Returning to the issue of the packing factor and its effects on ${\mu }_s$ introduced in Sec. 3.3, depending on whether a pure material is tightly packed or not, the nonlinear results could be mitigated or intensified. The results shown in Fig. 4 from the blood and water mixed model should not be affected as neither of the materials are tightly packed. However, in the case of the epidermis and blood mixed model, there should be some variations in the results once the packing factor is taken into account because tissue, such as epidermis, is considered to be tightly packed. By adding blood to a model of pure epidermis, we are essentially making the epidermis cells less tightly packed until we reach the model of pure blood. Reducing the packing factor, $W_p$, of epidermis lowers the ${\mu }_s$ of epidermis, and in turn, lowers the ${\mu }_t$ of epidermis as well [Eqs. (2) and (7)]. Since ${\mu }_t$ of epidermis is already lower than that of blood (Table 1), the difference between the ${\mu }_{t}s$ of the two materials becomes even greater, and thus, we should see the nonlinearities become more pronounced based on previous arguments.

5.

Conclusions

We have developed a Monte Carlo homogeneous mixed model and have studied how light should attenuate in such a material.
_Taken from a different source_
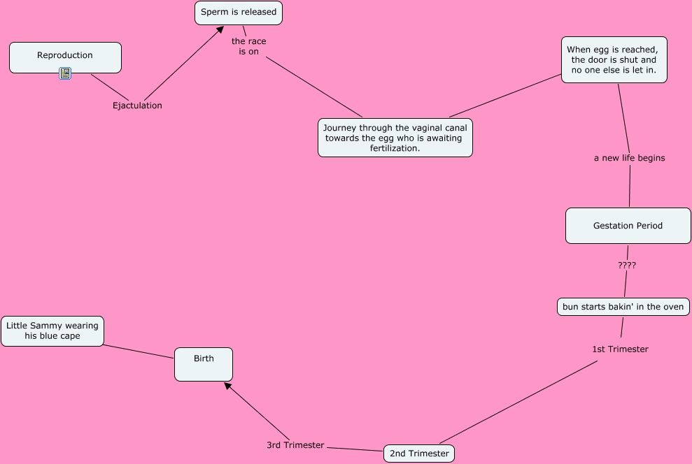 This Concept Map, created with IHMC CmapTools, has information related to: Sperm, 2nd Trimester 3rd Trimester Birth, Journey through the vaginal canal towards the egg who is awaiting fertilization. ???? When egg is reached, the door is shut and no one else is let in., When egg is reached, the door is shut and no one else is let in. a new life begins Gestation Period, bun starts bakin' in the oven 1st Trimester 2nd Trimester, Gestation Period ???? bun starts bakin' in the oven, Reproduction Ejactulation Sperm is released, Sperm is released the race is on Journey through the vaginal canal towards the egg who is awaiting fertilization., Birth Little Sammy wearing his blue cape

We have found that the linear scaling of attenuation coefficients found in layered models does not hold when materials are homogeneously mixed together. In cases, such as those involving blood or plasma, where there is no clear boundary between constituents or the constituents are mixed together in a fluid, it may be necessary to use a mixed model to derive the total attenuation coefficient with the required accuracy. This is especially true if the ${\mu }_t$ values of the materials differ by an order of magnitude or more; otherwise, a layered model may be sufficient.